The micropropagation study of Ch. angustifolium showed relatively high variation in shoot proliferation of this species depending on the genotype. Hence, the evaluation of the multiplication efficiency was necessary to select accessions suitable for mass production of a high quality plant material. In our research, several lines (DE_2, PL_58, PL_44, PL_45) were characterized by a high reproductive rate (> 20 shoots per explants), which makes them good candidates for early selection.

The results of the phytochemical analyses exhibited that in vitro grown plants of Ch. angustifolium are relatively good source of some bioactive compounds, mainly oenothein B and caffeic acid pentoside. This finding may inspire new research on the ellagitannins production in in vitro cultures. On the other hand, our study confirmed that fireweed plants harvested from the field cultivations contain the full spectrum of polyphenols characteristic for this species, and oenothein B and quercetin 3-O-glucuronide are the most abundant. The results of analysis of variance indicated slight or moderate differences between tested genotypes, but some of them accumulated a higher and more stable level of bioactive compounds during the growing season.

In our study, the maximal content of oenothein B was recorded in the vegetative phase of fireweed, while some flavonoids (sum of kaempferol 3-O-glucuronide and quercetin 3-O-rhamnoside, kaempferol 3-O-rhamnoside) were found in the highest amount in full blooming phase, which imply different optimal harvest time. Generally, harvest time should be adjusted to the content of active compounds and to the intended use of the raw material. In the full blooming phase of fireweed, the highest concentration of some flavonoids and still a relatively great level of oenothein B were determined. Regarding that the beneficial properties of fireweed are attributed to the synergic effect of polyphenols, therefore full blooming phase is the optimal harvest time.
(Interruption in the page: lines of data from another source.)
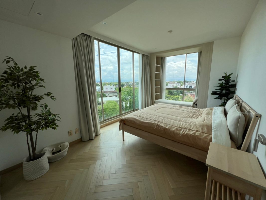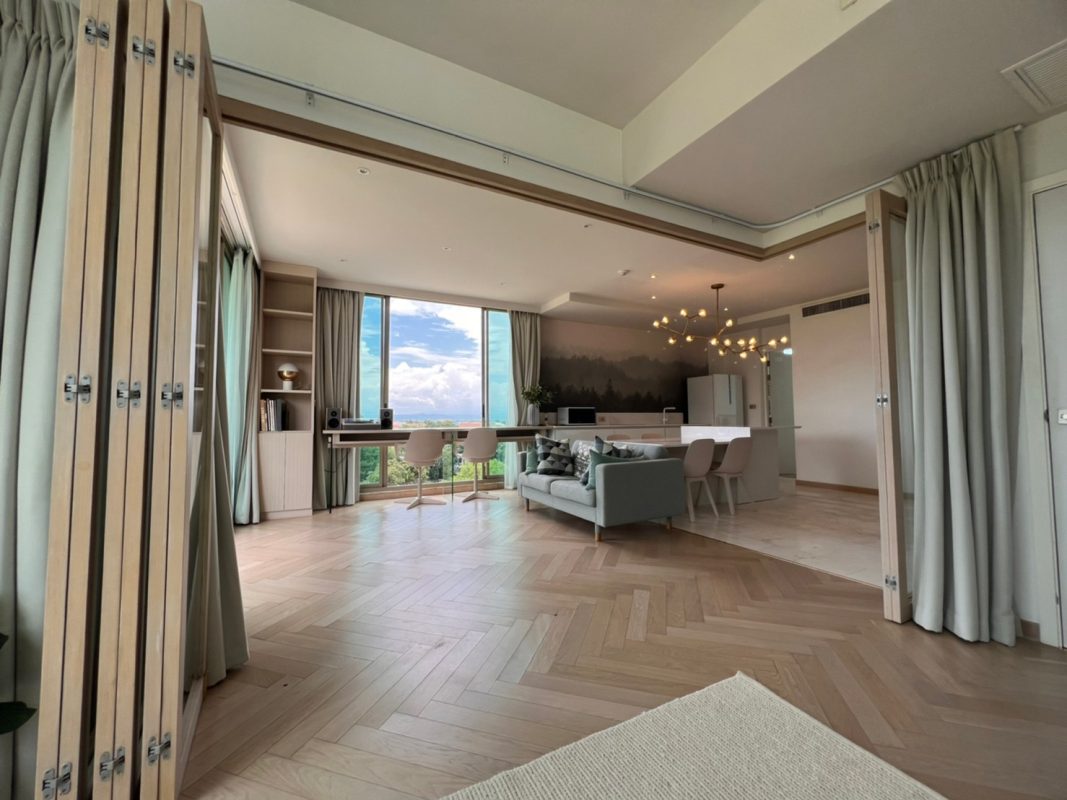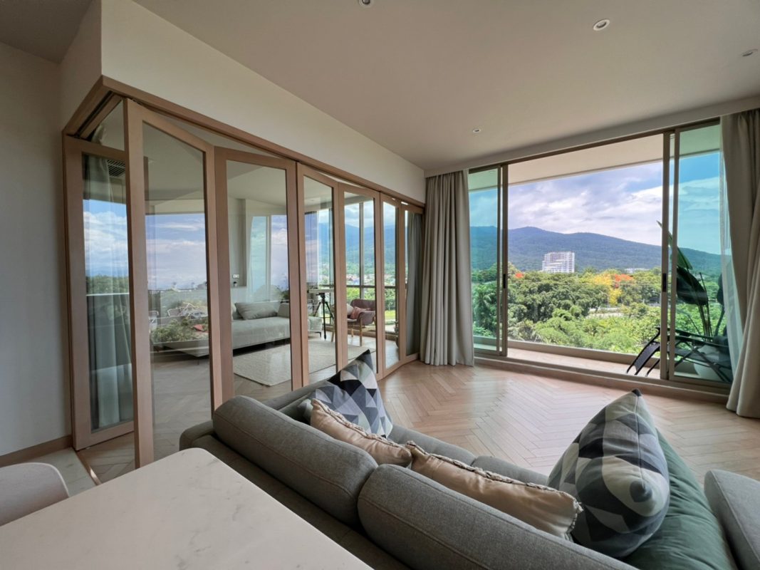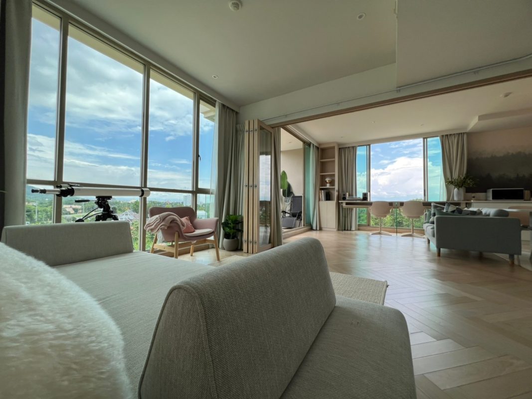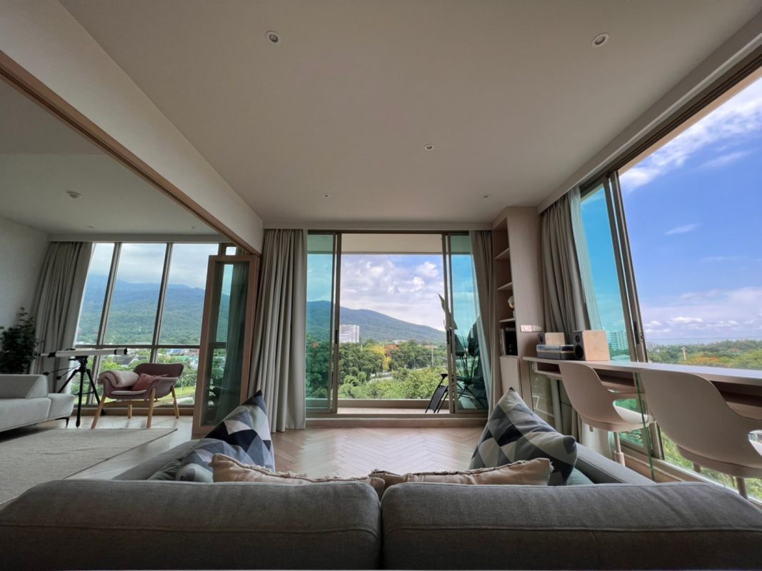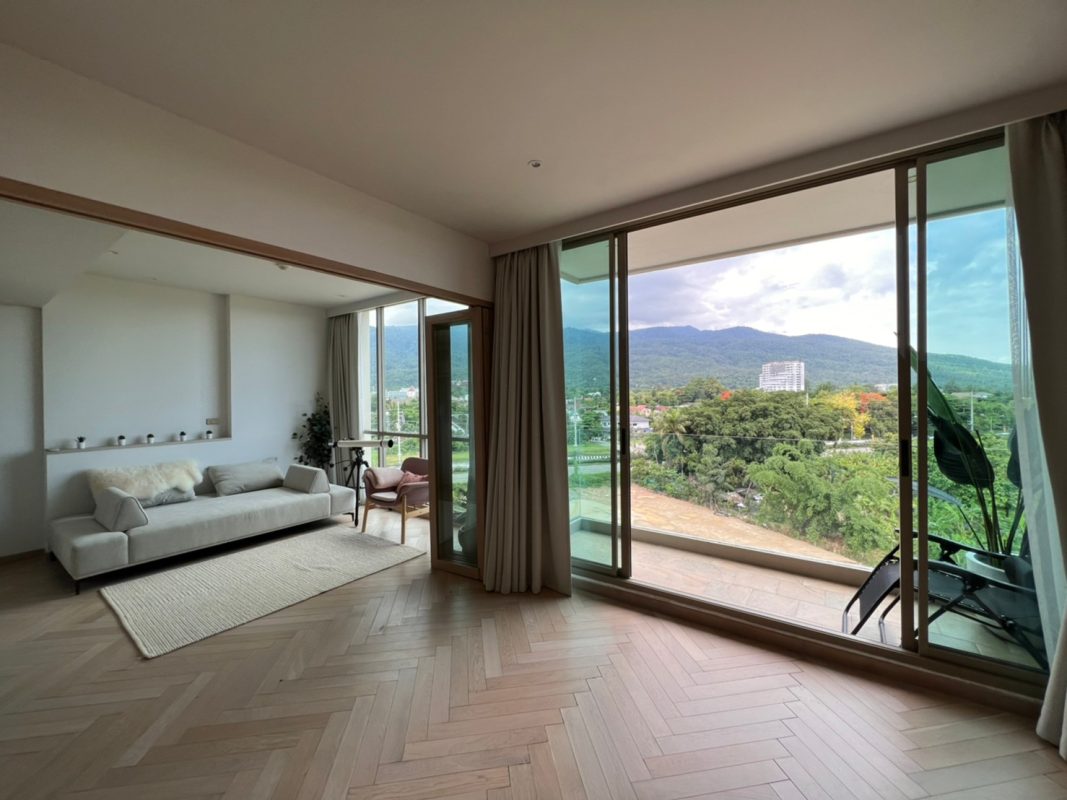 To the right, there is the master bedroom, ensuite with a walking closet and access to the terrace with a view of the mountain. The unit is well furnished with high-quality furniture and fittings as well as lighting. The project offers to park, swimming pool, fitness room, beautiful garden and a rooftop garden where one can enjoy a sundowner with a view of Doi Suthep mountain and mini golf.
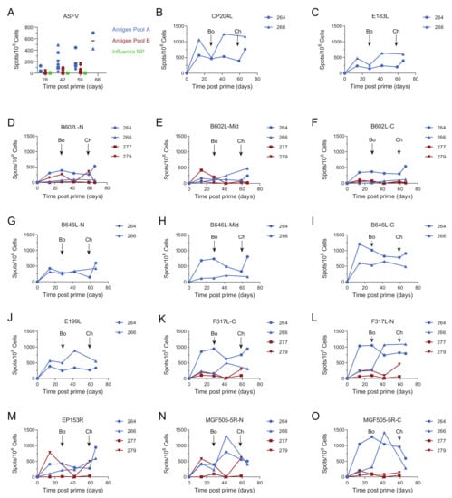 3.1. Pools of Eight Viral Vectors Induce ASFV-Specific and Antigen-Specific Responses in Swine
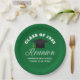 A classy custom class reunion party paper plate in green and white for a high school, college, or university. Customize with your school name and graduating class under the elegant calligraphy for great personalized alumni celebration decor.
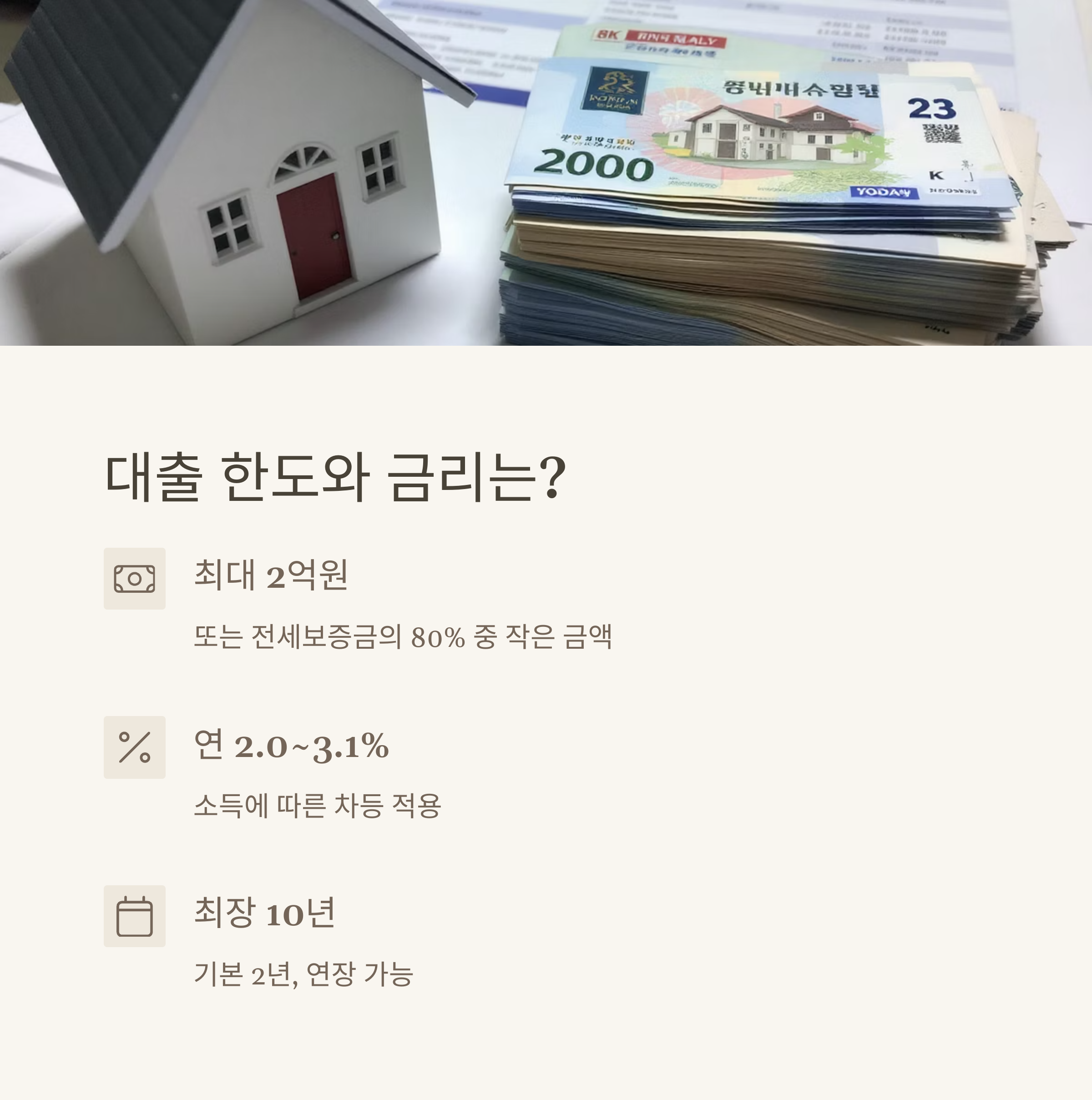 - 청년 전용 버팀목 전세자금: 최대 2억원 (수도권 기준, 지방 1억 5천만원)

Ch. angustifolium genotype of PL_44 was characterized by high content of oenothein B and quercetin 3-O-glucuronide as well as a relatively high level of other flavonoids. Based on the results of phytochemical and micropropagation studies, we can conclude that PL_44 genotype is the best candidate for early selection and further breeding programs aimed at obtaining a suitable industrial form for the pharmaceutical applications.